_THE PROBLEM_: What is wanted is every line below from the one with "Publication: Facebook - Wam" up to and including the one with "Здесь руководитель видит", retyped exactly, pictures excluded, nothing else.
Top of GIVEN DATA
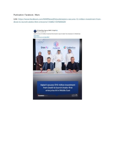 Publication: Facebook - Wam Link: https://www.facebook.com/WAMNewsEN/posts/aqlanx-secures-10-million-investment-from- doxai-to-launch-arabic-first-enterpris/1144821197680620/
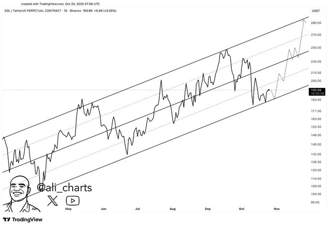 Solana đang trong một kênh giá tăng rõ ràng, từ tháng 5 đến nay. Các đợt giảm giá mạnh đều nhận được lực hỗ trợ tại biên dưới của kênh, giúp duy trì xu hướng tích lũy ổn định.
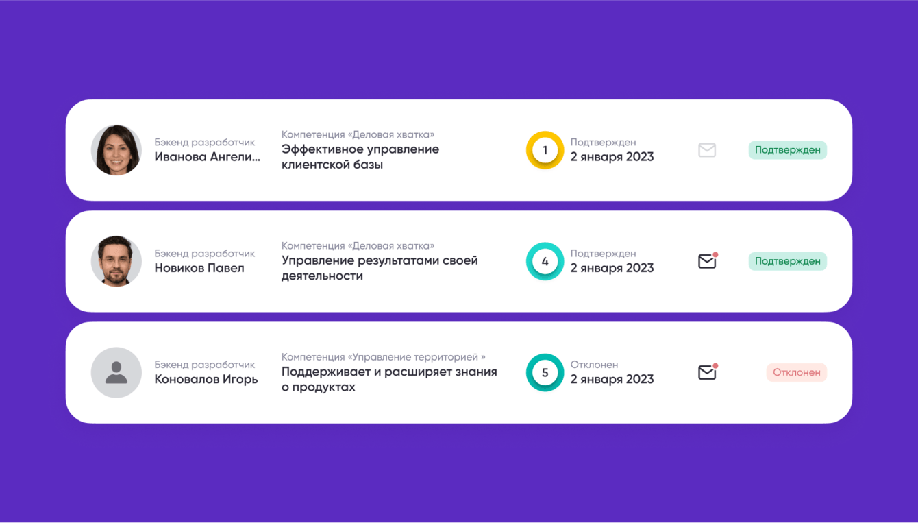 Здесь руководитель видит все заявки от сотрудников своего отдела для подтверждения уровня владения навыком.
Bottom of GIVEN DATA
Top of GIVEN DATA
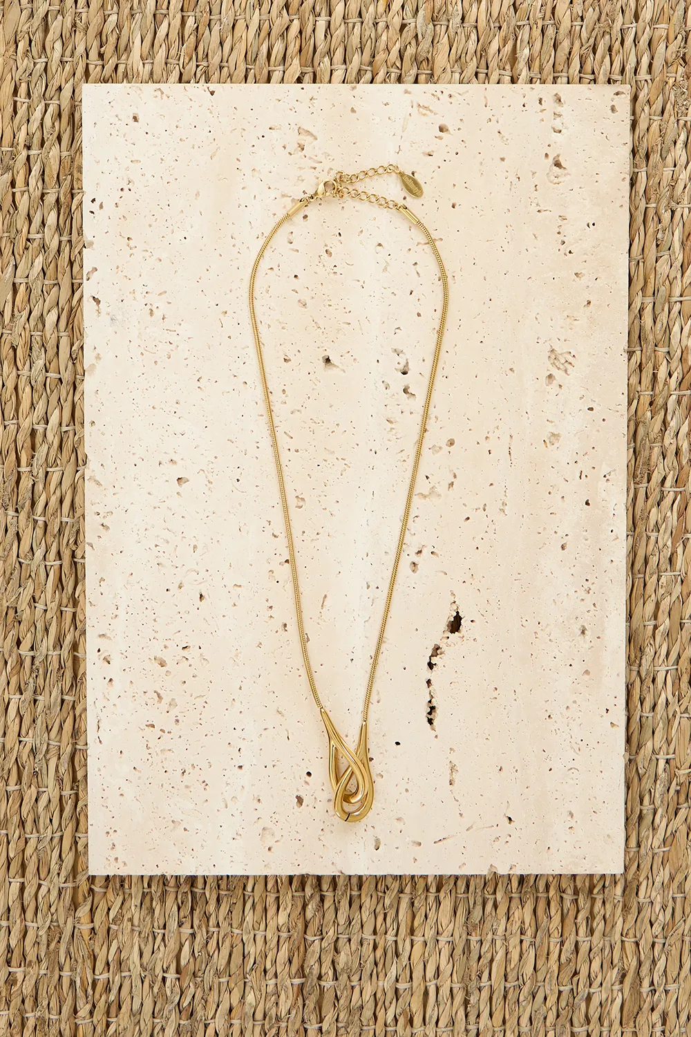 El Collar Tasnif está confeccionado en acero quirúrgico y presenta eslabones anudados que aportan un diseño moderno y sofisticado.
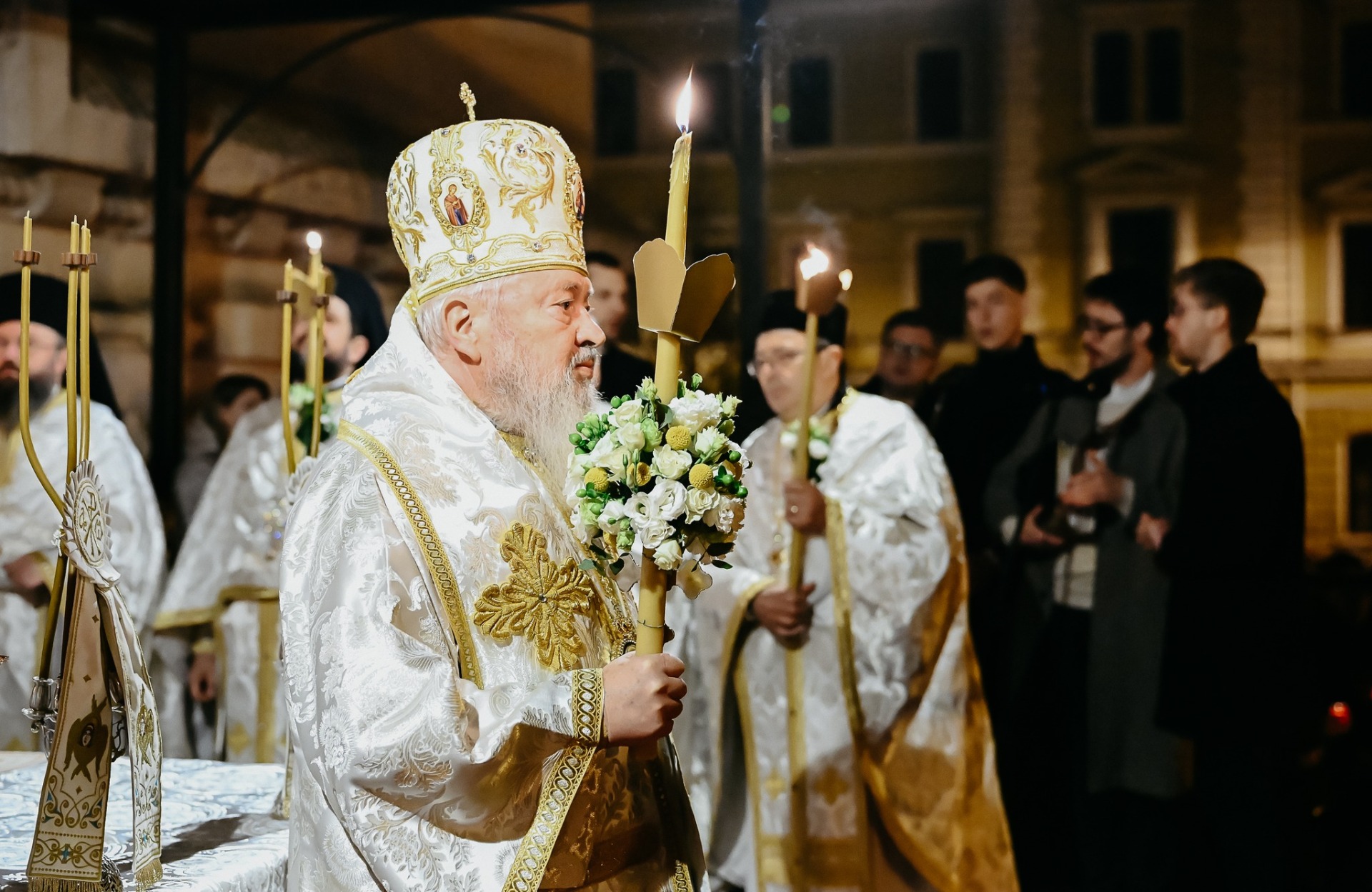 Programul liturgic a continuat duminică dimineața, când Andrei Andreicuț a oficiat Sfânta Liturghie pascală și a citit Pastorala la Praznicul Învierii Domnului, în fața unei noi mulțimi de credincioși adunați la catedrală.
Bottom of GIVEN DATA
_YOUR SOLUTION_:
 Publication: Facebook - Wam Link: https://www.facebook.com/WAMNewsEN/posts/aqlanx-secures-10-million-investment-from- doxai-to-launch-arabic-first-enterpris/1144821197680620/
 Solana đang trong một kênh giá tăng rõ ràng, từ tháng 5 đến nay. Các đợt giảm giá mạnh đều nhận được lực hỗ trợ tại biên dưới của kênh, giúp duy trì xu hướng tích lũy ổn định.
 Здесь руководитель видит все заявки от сотрудников своего отдела для подтверждения уровня владения навыком.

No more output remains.